Biological screening of a unique drug library targeting MRGPRX2

Abstract

Background: Allergic drug reaction or drug allergy is an immunologically mediated drug hypersensitivity reaction (DHR). G-protein coupled receptors (GPCRs) are common drug targets and communicate extracellular signals that initiate cellular responses. Recent evidence shows that GPCR MRGPRX2 is of major importance in IgE-independent pseudo-allergic DHRs based on the suspected interactions between many FDA-approved peptidergic compounds and MRGPRX2.

Objective: Our aim was to uncover novel MRGPRX2-selective and -potent agonists as drug candidates responsible for clinical features of pseudo-allergic DHRs.

Methods: We conducted a primary high-throughput screening (HTS), coupled with mutagenesis targeting the MRGPRX2 N62S mutation, on a panel of 3,456 library compounds. We discovered pharmacologically active hit compounds as agonists of the MRGPRX2 protein according to high degrees of potency evaluated by the calcium response and validated by the degranulation assay. Using the molecular tool Forge, we also characterized the structure-activity relationship shared by identified hit compounds.

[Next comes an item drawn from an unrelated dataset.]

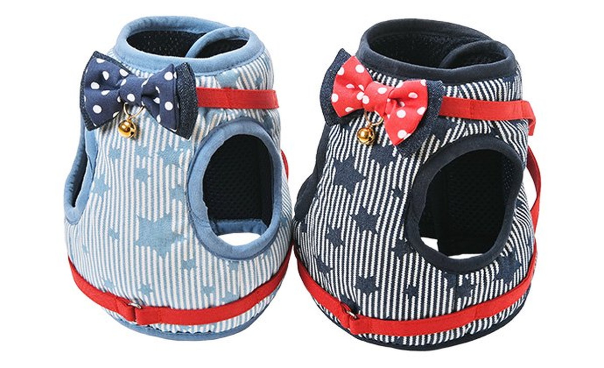 爽やかなブルーのストライプにドット柄のリボンがかわいいねこ用ハーネス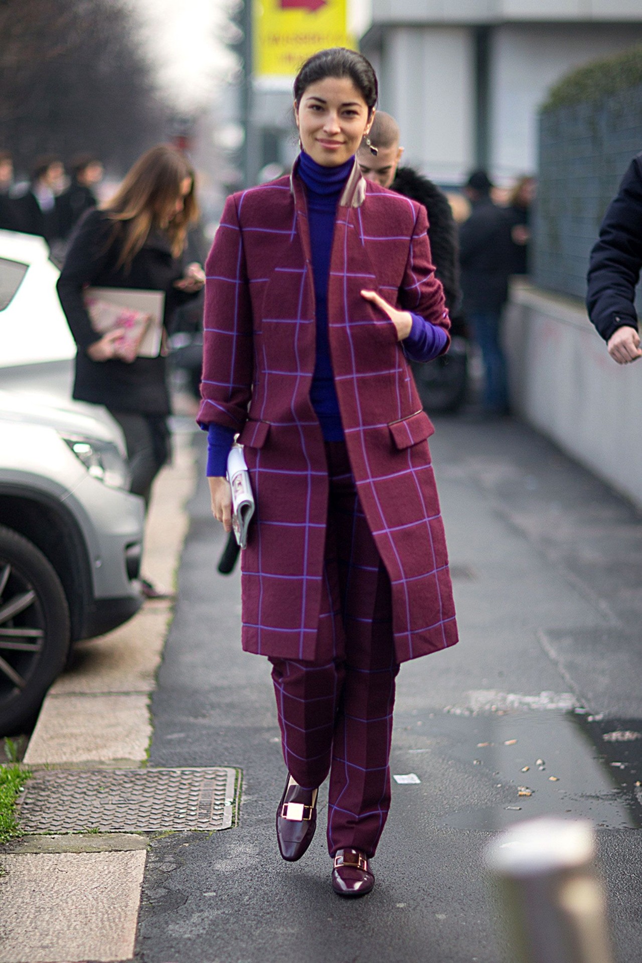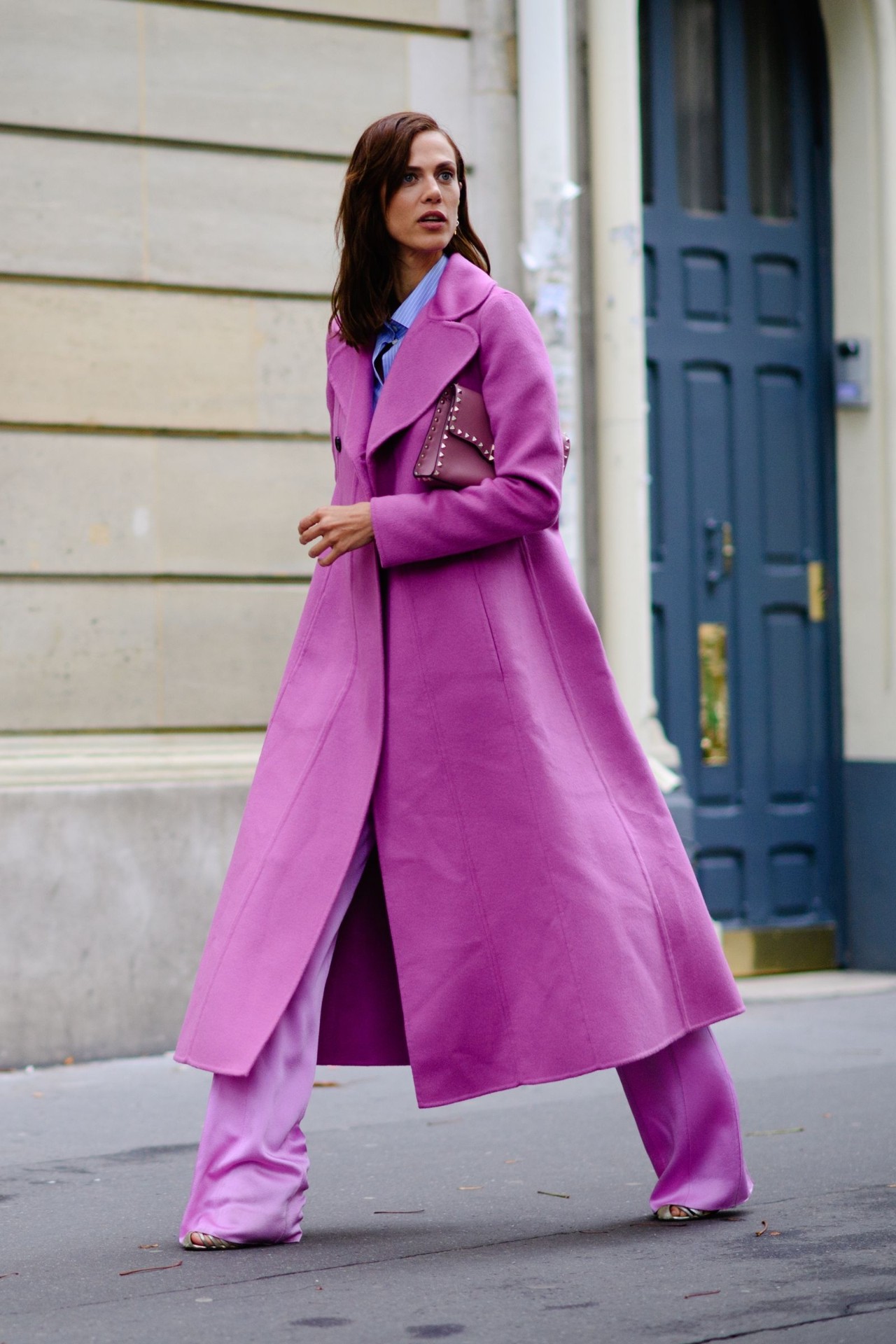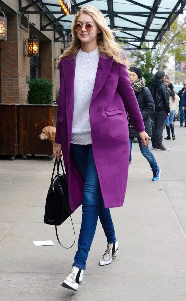 不过,大红大紫真的很挑人。首先,红色如果颜色不正容易沦为老气or艳俗。而品牌level与其成衣的颜色高级与否密切相关。所以虽然到处都能找到红色的大衣,但穿出去不一定高档。其次,红色紫色也很挑肤色挑搭配能力。不信你看,像下图Gigi Hadid 这件紫色的大衣,你觉得好看只因为有她青春无敌的肉体加持,换平常人穿可能立即老十岁。总之,选择要慎重!

Results: The alternative allele of single nucleotide polymorphism rs10833049 (N62S) in MRGPRX2 demonstrated loss-of-function property in response to substance P and antineoplastic agent daunorubicin hydrochloride. We applied a unique assay system targeting the N62S mutation to the HTS and identified 84 MRGPRX2-selective active hit compounds representing diverse classes according to primary drug indications. The top five highly represented groups included fluoroquinolone and non-fluoroquinolone antibiotics; antidepressive/antipsychotic; antihistaminic and antineoplastic agents. We classified hit compounds into 14 clusters representing a variety of chemical and drug classes beyond those reported, such as opioids, neuromuscular blocking agents, and fluoroquinolones. We further demonstrated MRGPRX2-dependent degranulation in the human mast cell line LAD2 cells induced by three novel agonists representing the non-fluoroquinolone antibiotics (bacitracin A), anti-allergic agents (brompheniramine maleate) and tyrosine-kinase inhibitors (imatinib mesylate).

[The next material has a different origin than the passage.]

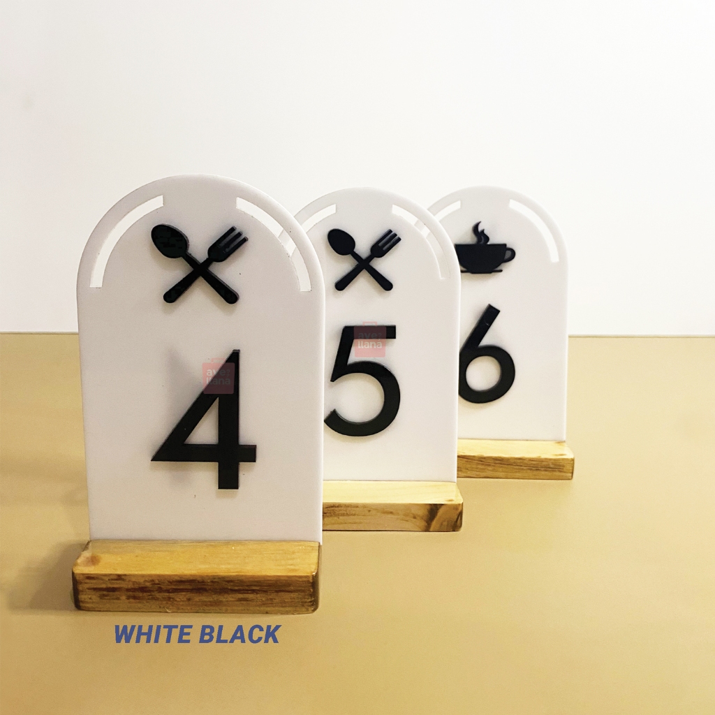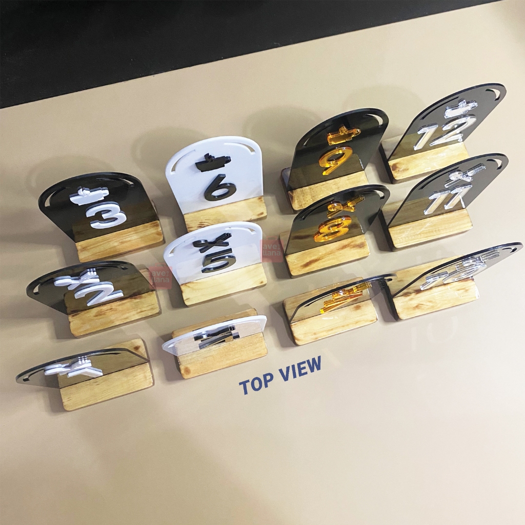 NOMOR MEJA CAFE RESTORAN OVAL BAHAN AKRILIK DAN KAYU WOODEN TABLE NUMBER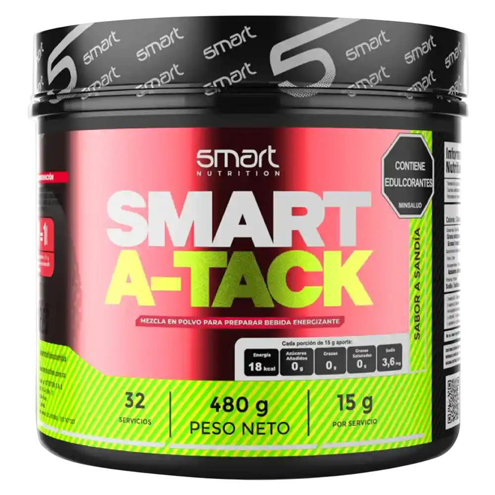 CREATINA SMRT ATTACK DE SMART NUTRITION 32 SERVICIOS Descripción del producto Es una mezcla en polvo elaborada a partir de fuentes de la más alta calidad y entre las que sobresale la Creatina HCL, pues gracias a su alto nivel de solubilidad y absorción no va a comprometer el PH de tu tracto gastrointestinal, lo que se traduce en que no vas a experimentar las molestias de otros productos a base de creatina. Y es que smart A-tack es un suplemento que además de multifuncional, al mezclarse con agua te va a dar un iniigualable sabor a sandia , ideal para consumir después de tus entrenos o actividades fisicas de alta intensidad.

Conclusion: Our findings could facilitate the development of interventions for personalized prevention and treatment of DHRs, as well as future pharmacogenetic investigations of MRGPRX2 in relevant disease cohorts.

Keywords: G-protein coupled receptor (GPCR); MRGPRX2; drug hypersensitivity reaction (DHR); high-throughput screening (HTS); mutation; tyrosine-kinase inhibitor (TKI).

Figure 1

Diagram of the secondary structure of MRGPRX2 with missense mutations denoted (A) and functional testing of the N62S mutation in HEK293-Gα15 cells stably expressing the N62S mutation compared to the wild-type receptor (B). The “loss-of-function” effects of N62S mutation on MRGPRX2 was confirmed by reduced cytosolic calcium responses (middle), despite similar levels of cell surface expression of the receptor measured by flow cytometry using an anti-MRGPRX2 antibody (right). We confirmed the construct containing the N62S mutation by Sanger sequencing (left).

Figure 2

An in vitro biological high-throughput screening (HTS) of FDA-approved drug library for identifying agonists for MRGPRX2. (A) Workflow of primary HTS. (B) The top five major classes (according to the primary drug indications) containing most of the MRGPRX2-selective agonists are depicted along with representative hit compounds in each class (the top five).

Figure 3

The structure-activity relationship of identified hit compounds for MRGPRX2. Fourteen clusters containing 70 MRGPRX2-selective hit compounds were displayed according to structural similarity using Forge. Criteria: Morgan=ECFP4; similarity cut-off=0.6.

Figure 4

MRGPRX2-dependent degranulation of human mast cells (LAD2) measured by β-hexosaminidase release following stimulation by agonistic drugs bacitracin A (A), imatinib mesylate (B) and brompheniramine maleate (C). Significantly decreased degranulation was observed in LAD2 cells lacking MRGPRX2 for all three agonistic drugs (concentration as indicated), C48/80 (10 μg/mL) and Tween 20 (1%) were used as positive controls (P<0.0001, n=6). Two-way ANOVA with adjusting for multiple comparisons was performed for statistical analysis. Bars represent means ± SEMs. ****P <0.0001; **P < 0.01.